Recorded data
########

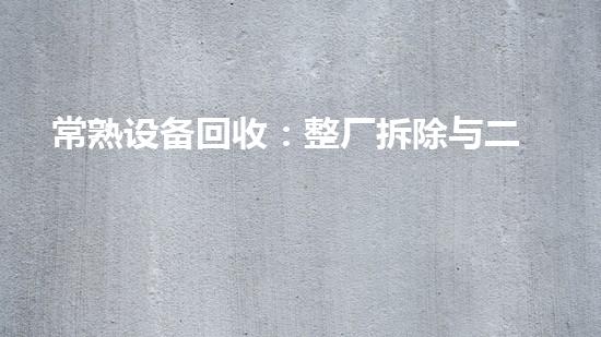 摘要:本文主要介绍常熟设备回收,包括整厂拆除和二手设备利用。由于工业制造业的快速发展,各种设备的数量也在不断增加。因此,设备回收和再利用已经成为当前一个非常热门的话题。本文结合真实案例,从多个方面介绍...
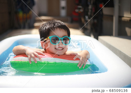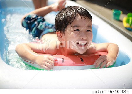ビニールプールで遊ぶ日本の男の子(3歳児)
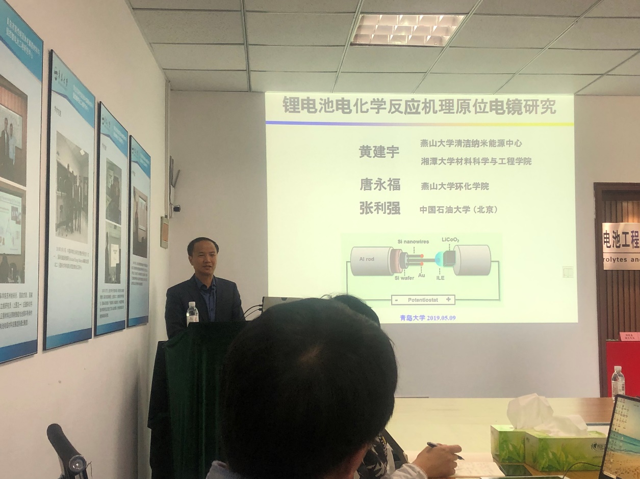5月9日下午,燕山大学和湘潭大学黄建宇教授应邀来我校交流访问,并在青岛大学科技园D座3楼报告厅为师生作了题为《锂电池电化学反应机理原位电镜研究》的学术报告。报告会由注册送彩金
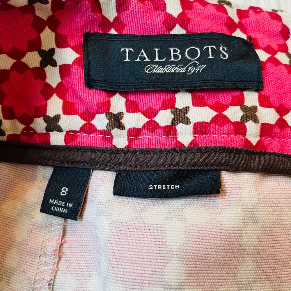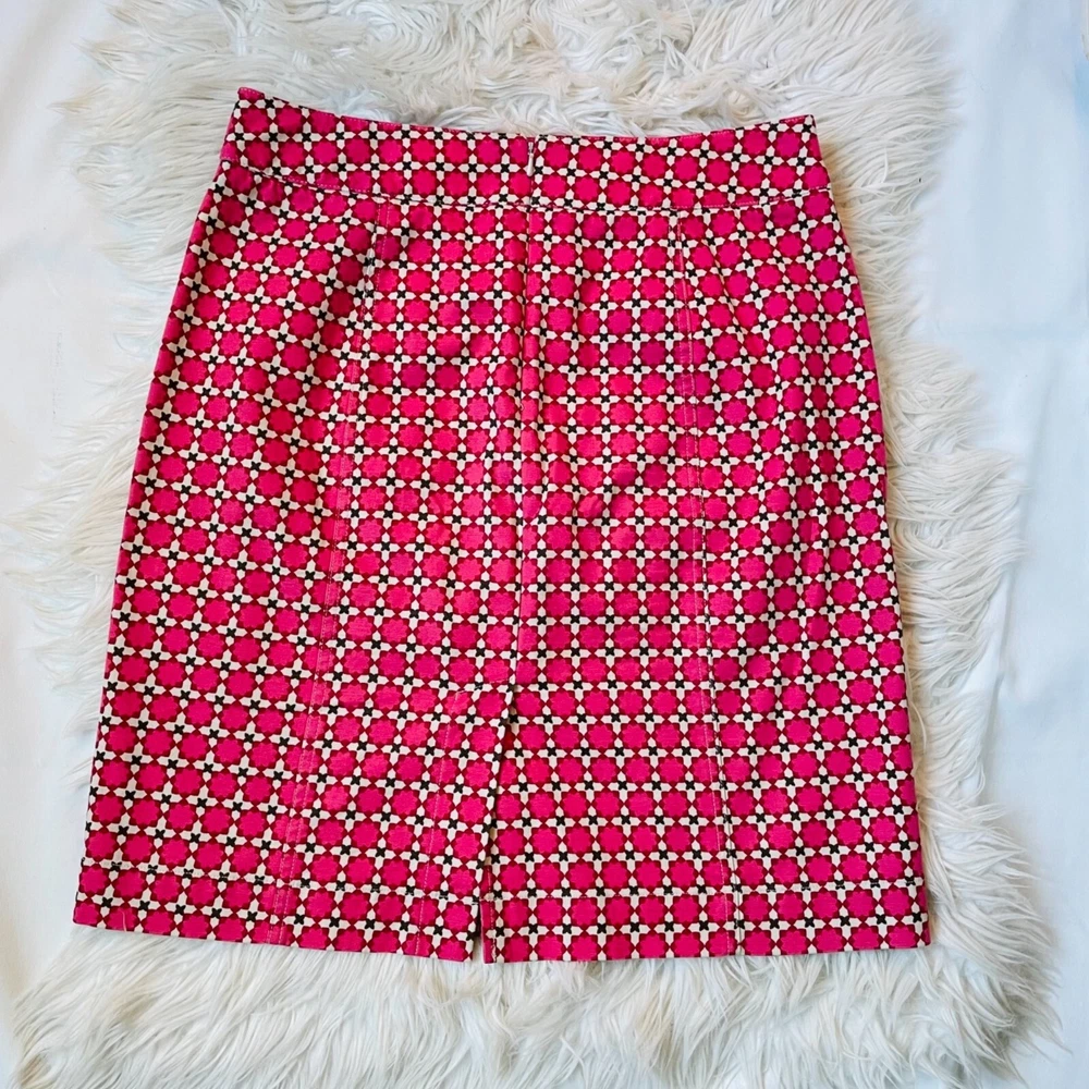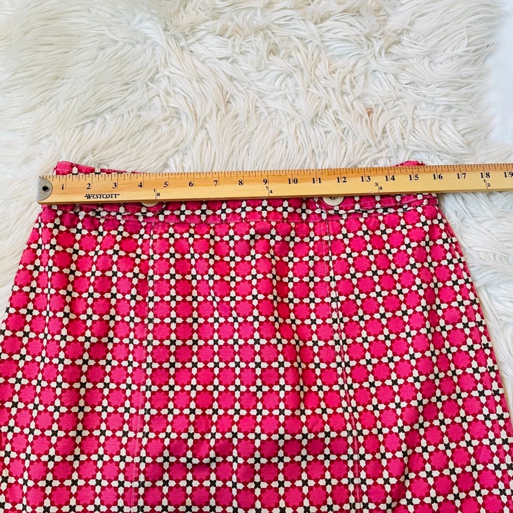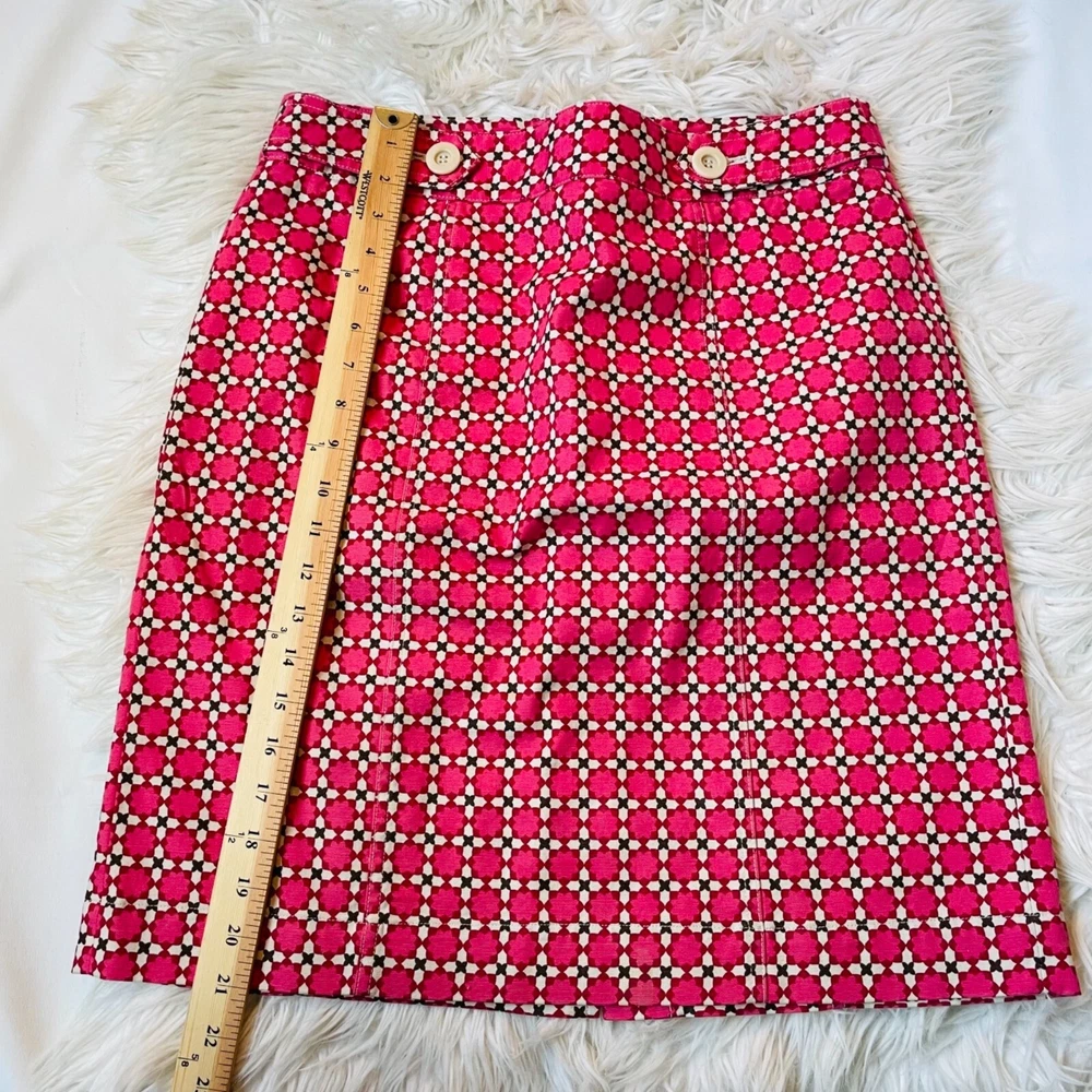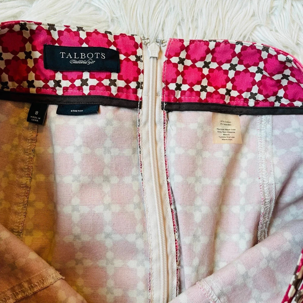 Talbots Womens Mosaic Print Stretch Zip Back Mini Skirt Color - Pink Size - 8 Waist - 16“ Inseam- 21” Pre Owned condition. Please see photos for measurements. Shipped quickly with first class shipping.
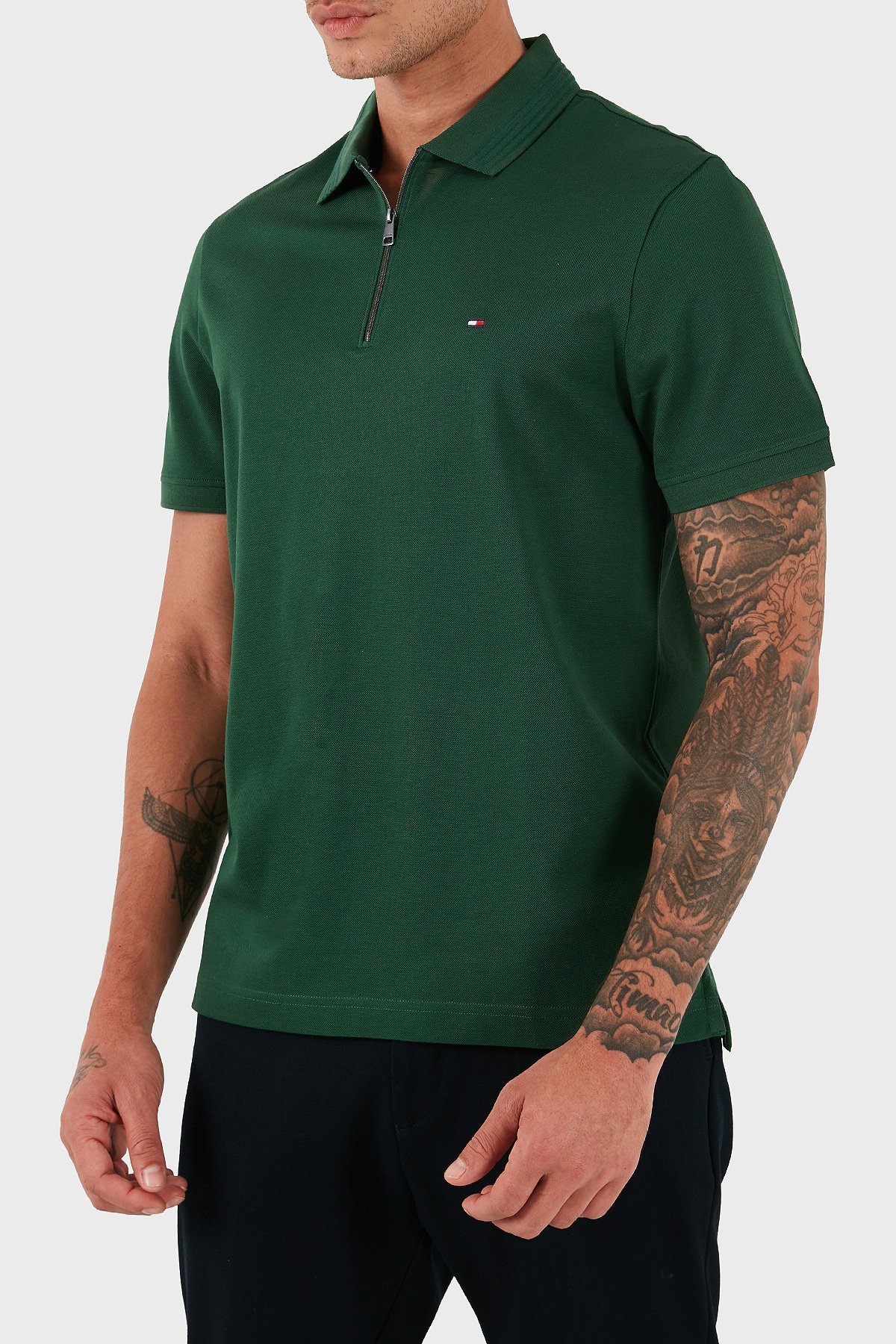 % 100 Pamuk Regular Fit Fermuarlı Erkek Polo Yaka T Shirt MW0MW38473 L2N YEŞİL
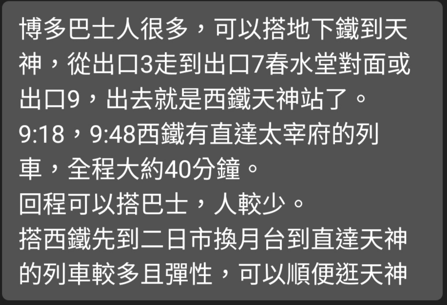 推 neil1014153 : 個人感覺太宰府巴士比較方便喔 06/28 00:00
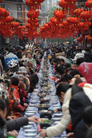 2月14日,湖南鳳凰景區(qū)擺起近百米長(zhǎng)的苗家長(zhǎng)龍宴,當(dāng)?shù)鼐用窈陀慰凸矐c元宵佳節(jié)。
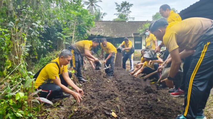 Polres Tabanan-Polsek Kerambitan, Sabtu Mei 24 Mei 2025; Kapolsek Kerambitan Akp I Putu Budiawan didampingi Wakapolsek Kerambitan I Gst Kt Suarcana memimpin langsung kegiatan pembuatan bedengan untuk tanaman bergisi di pekarangan Mapolsek Kerambitan.
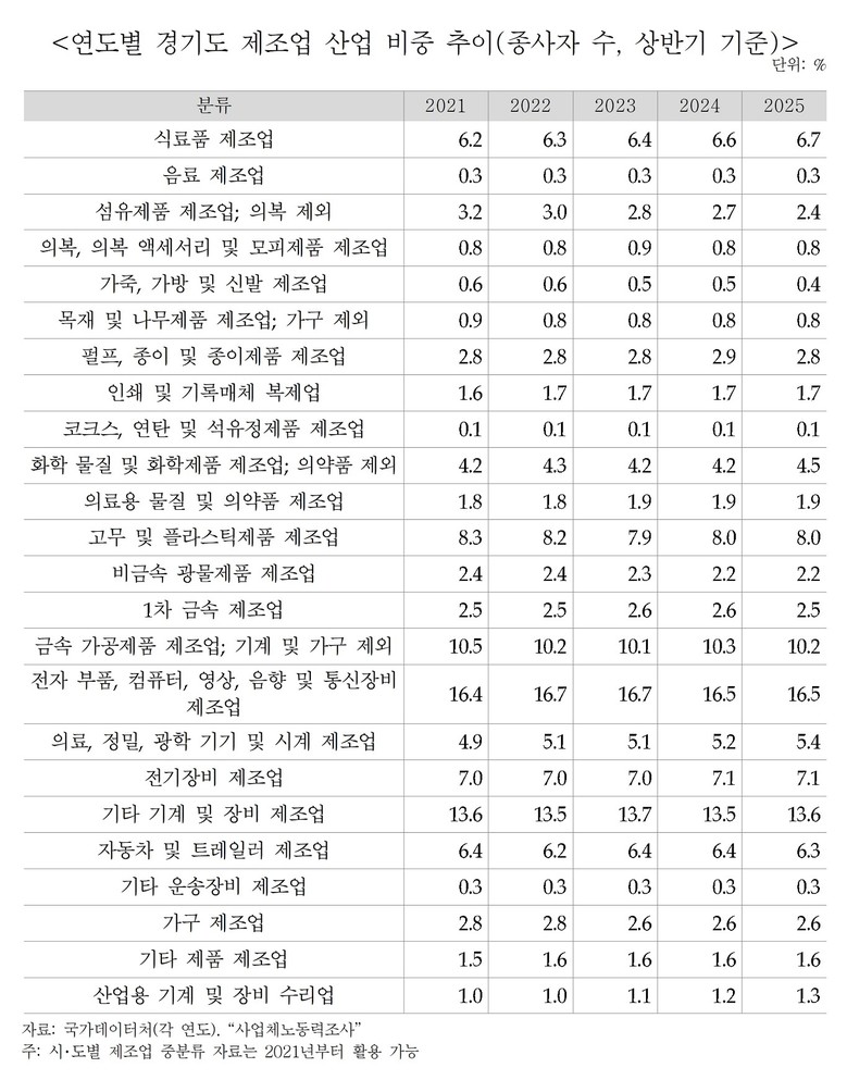 국가데이터처 경제활동인구조사에 따르면 경기도 제조업 취업자는 2018~2019년 감소(2018년 –0.7%, 2019년 –4.7%)한 뒤 2020년부터 증가세로 전환됐다. 2020년에는 1.9%, 2021년에는 4.8% 증가했으며, 2022년에는 코로나19 회복 국면에서 9.2%의 높은 증가세를 보이는 등 도내 제조업 고용이 확대됐다. 그러나 2023년에는 –3.2%, 2024년에는 –4.1% 등 2년 연속으로 제조업 고용이 감소하는 모습을 보였다. 전국 제조업 고용 대비 도내 제조업 고용 비중도 2020년부터 점차 확대되어 왔으나 2022년 약 33% 수준까지 상승한 이후 최근에는 증가폭이 둔화되는 흐름이다.
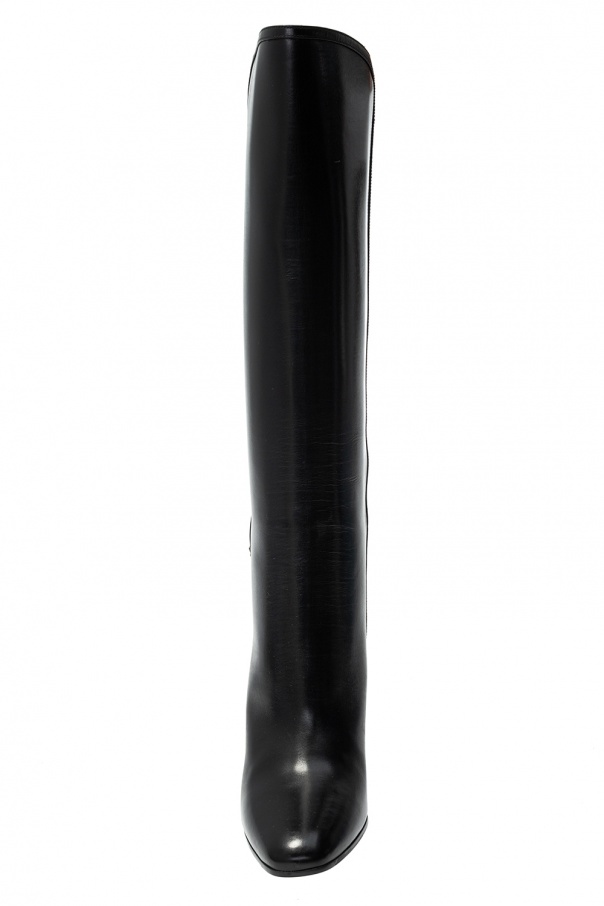 Black ‘Jane’ heeled boots from Saint Laurent. Crafted from calf leather, this slip-on model features a logo appliqué in antiqued gold-tone metal and a black leather sole.
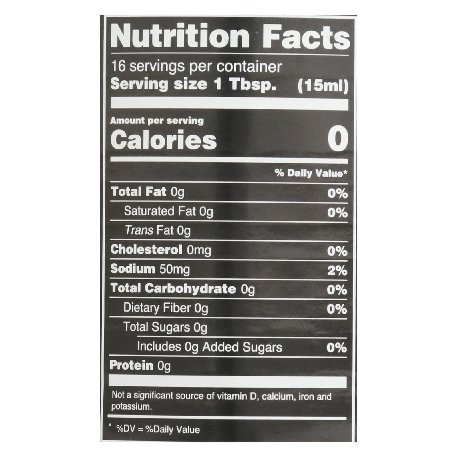 - Serving size: 1 tablespoon; approximately 16 servings per 8 fl oz bottle
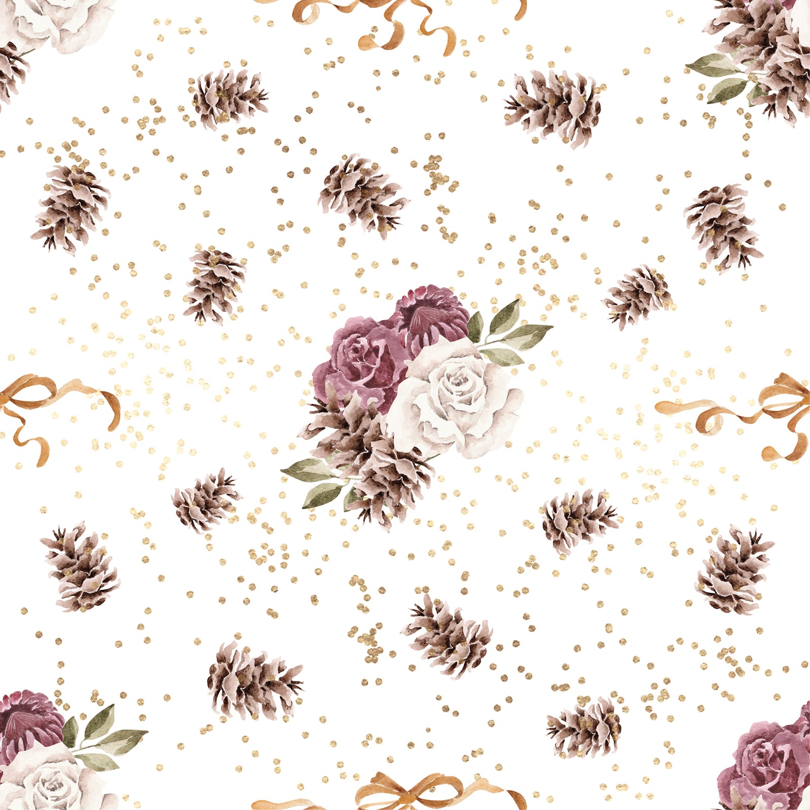 White wrapping paper with roses, pine cones and golden bows
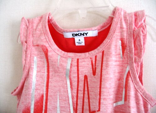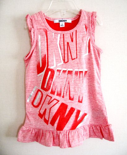 DKNY(ダナキャラン)Toddler & Little Girl's Printed Ruffle Tank Top/Red ガールズ プリントラッフル タンクトップ レッド (6T) (並行輸入品)
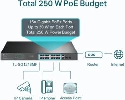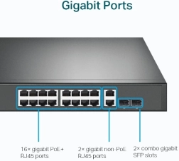 Tento switch ponúka 16 gigabitových portov s podporou PoE+, 2 gigabitové porty RJ45 a 2 gigabitové combo porty SFP pre maximálnu flexibilitu pripojenia.

########

### What the exercise asks
With the pictures omitted, copy the entries above exactly from the line containing "推 neil1014153 : 個人感覺太宰府巴士比較方便喔 06/28 00:00" through the line containing "DKNY(ダナキャラン)Toddler & Little", both lines included.

### Solution below
 推 neil1014153 : 個人感覺太宰府巴士比較方便喔 06/28 00:00
 2月14日,湖南鳳凰景區(qū)擺起近百米長(zhǎng)的苗家長(zhǎng)龍宴,當(dāng)?shù)鼐用窈陀慰凸矐c元宵佳節(jié)。
 Polres Tabanan-Polsek Kerambitan, Sabtu Mei 24 Mei 2025; Kapolsek Kerambitan Akp I Putu Budiawan didampingi Wakapolsek Kerambitan I Gst Kt Suarcana memimpin langsung kegiatan pembuatan bedengan untuk tanaman bergisi di pekarangan Mapolsek Kerambitan.
 국가데이터처 경제활동인구조사에 따르면 경기도 제조업 취업자는 2018~2019년 감소(2018년 –0.7%, 2019년 –4.7%)한 뒤 2020년부터 증가세로 전환됐다. 2020년에는 1.9%, 2021년에는 4.8% 증가했으며, 2022년에는 코로나19 회복 국면에서 9.2%의 높은 증가세를 보이는 등 도내 제조업 고용이 확대됐다. 그러나 2023년에는 –3.2%, 2024년에는 –4.1% 등 2년 연속으로 제조업 고용이 감소하는 모습을 보였다. 전국 제조업 고용 대비 도내 제조업 고용 비중도 2020년부터 점차 확대되어 왔으나 2022년 약 33% 수준까지 상승한 이후 최근에는 증가폭이 둔화되는 흐름이다.
 Black ‘Jane’ heeled boots from Saint Laurent. Crafted from calf leather, this slip-on model features a logo appliqué in antiqued gold-tone metal and a black leather sole.
 - Serving size: 1 tablespoon; approximately 16 servings per 8 fl oz bottle
 White wrapping paper with roses, pine cones and golden bows
 DKNY(ダナキャラン)Toddler & Little Girl's Printed Ruffle Tank Top/Red ガールズ プリントラッフル タンクトップ レッド (6T) (並行輸入品)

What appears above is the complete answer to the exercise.